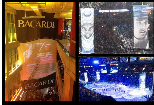
See how the Canucks use DPI here: http://bit.ly/LS5Tpb

Looking to use projection technology outdoors? See how Manchester City FC projected a Blue Moon in the stands at Etihad Stadium: http://bit.ly/N78P6m
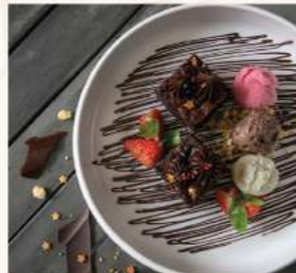
Choco Brownie ฿150 Chocolate brownie, 3 mini scoops of ice-creams
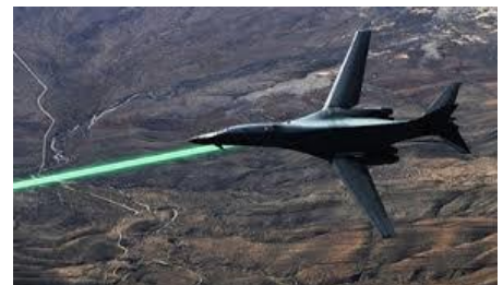
Jitter Control/Rejection in Directed Energy Systems
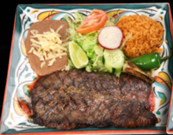
Carne Asada 35 50 Grilled skirt steak
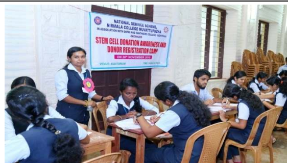
Stem Cell Donation Awareness And Donor Registration Camp
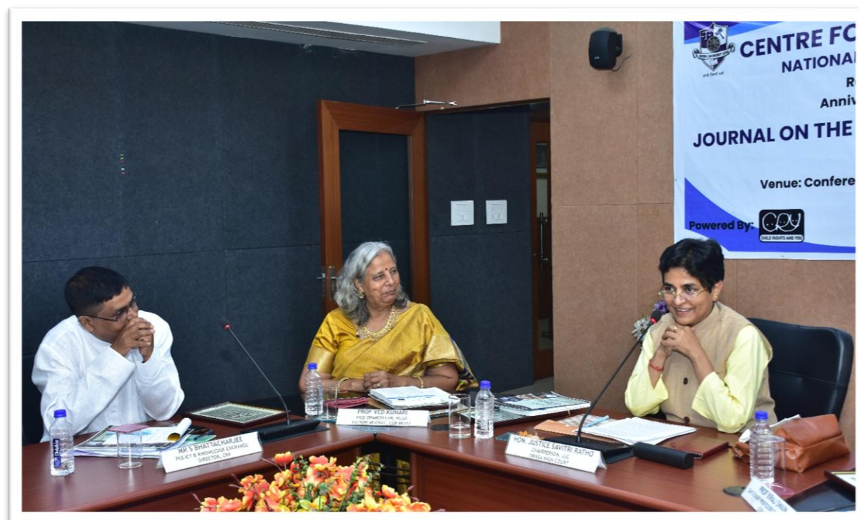
Photograph 2: Honourable Justice Savitri Ratho addressing the participants
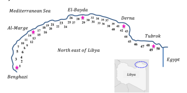
Fig. 1 . Shows the sites of collected samples in the area extended from Benghazi city to the Libyan-Egyptian borders

Industry and all form of life on earth have been unavoidably exposed to radiation from all kind of sources. Exposer to natural sources vary little from year to year and involves the whole world population to almost the same extent. The exposure dose from natural sources depends mainly on the place of residence, and altitude. For most world population, the range of individual effective dose from natural sources is between one-half and two times the average global value at sea level which is 2.4 mSv per year (UNSCEAR, 1988).
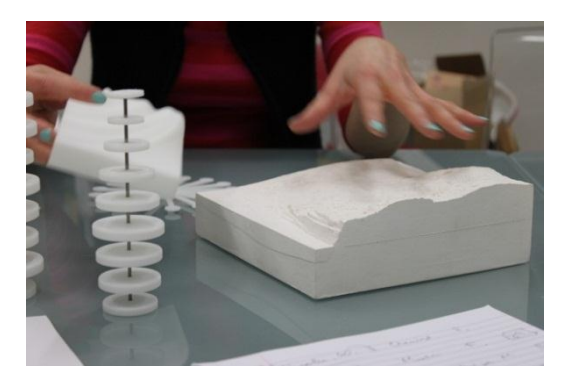
Figure 6. User testing the data-objects

want to decode the object". Another participant "really liked the interpretative nature of the large plaster object" and found it more engaging "not black and white" (Fig 6.).
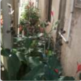
1) Flower trees grown in space between two houses

I could realize the power of nature. No matter how small it may be, in whatever form it may be, wherever it may be, every part of nature always support living beings/creatures on the earth. For us it may be small tree or shrub but for that small bird species it was a safe shelter where they were growing their next generation."
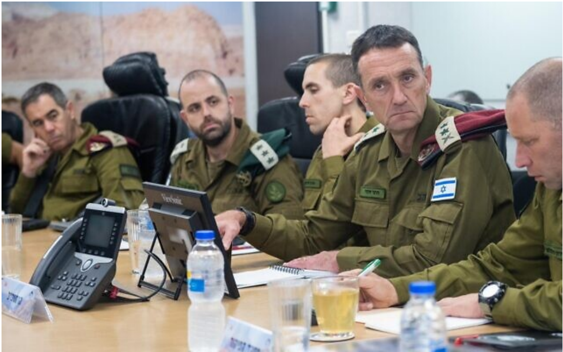
IDF Chief of Staff Lt. Gen. Herzi Halevi holds an assessment at the IDF Southern Command in Beersheba, October 8, 2023.

The chief of the Israel Defense Forces issues his first public comments since Hamas launched its attack against Israel yesterday morning.
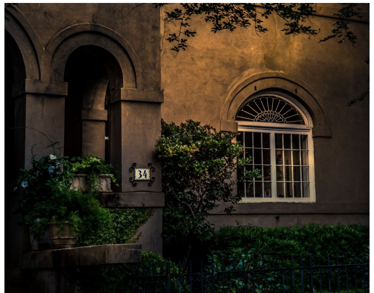
Color Digital 2 nd place
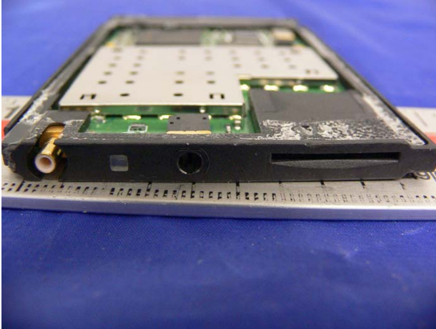
EUT – Component View with RF Shield off
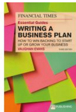
The Financial Times Essential Guide to Writing a Business Plan: How to win backing to start up or grow your business Ladenpreis: 26,74EUR
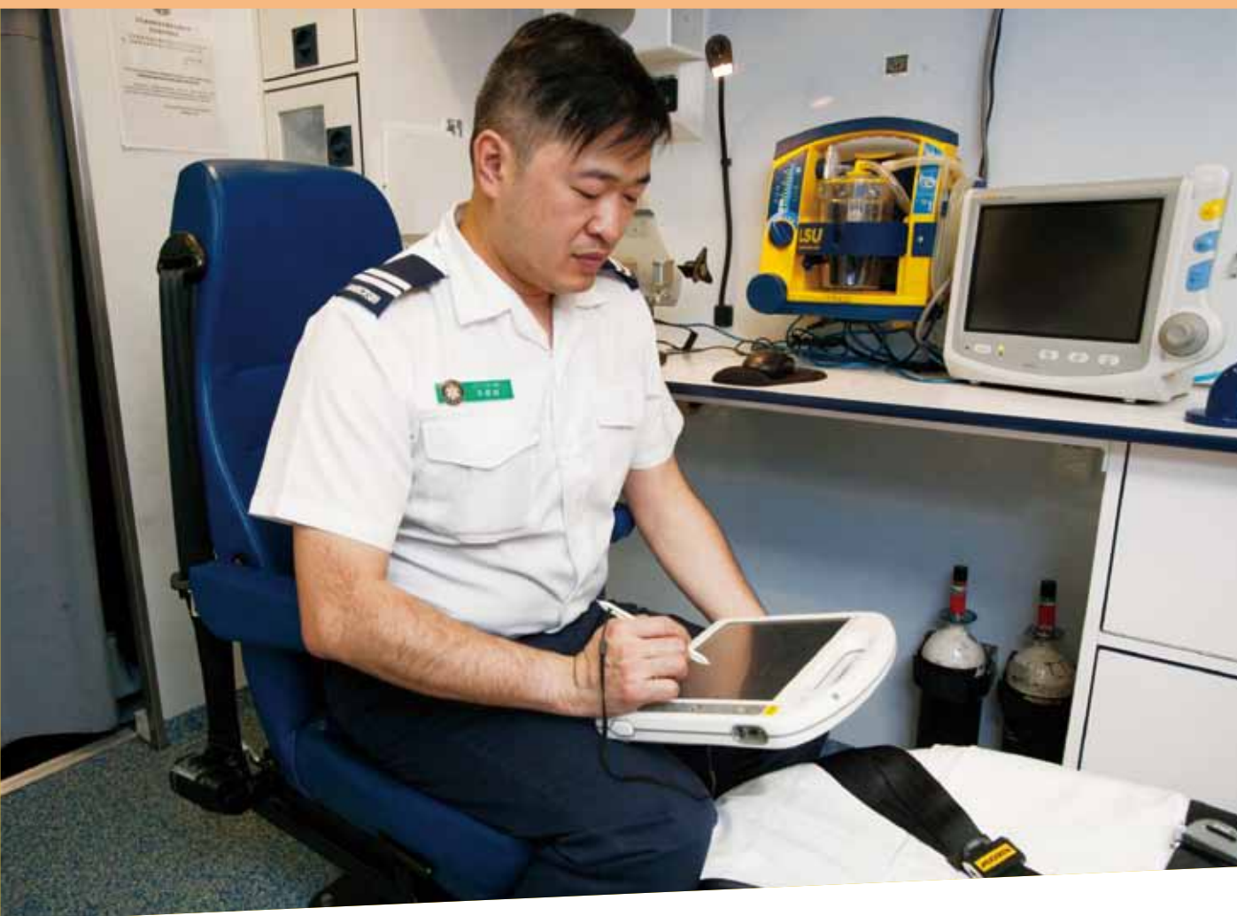
救護人員在救護車內輸入出勤記錄資料 An ambulance officer inputs journey record data inside an ambulance

在緊急救護車及急救醫療電單車當值的救護人員，全部均具備輔助醫療資格。車上亦備有自動心臟去顫器，以及應付糖尿病、休克、心臟病、氣促、抽搐和過量服食藥物等情況的指定藥品。

## Work order
Copy out the lines above from the line containing "The chief of" through the line containing "EUT – Component View with RF Shield off", exactly, and keep the pictures out.

## Completed task
The chief of the Israel Defense Forces issues his first public comments since Hamas launched its attack against Israel yesterday morning.
Color Digital 2 nd place
EUT – Component View with RF Shield off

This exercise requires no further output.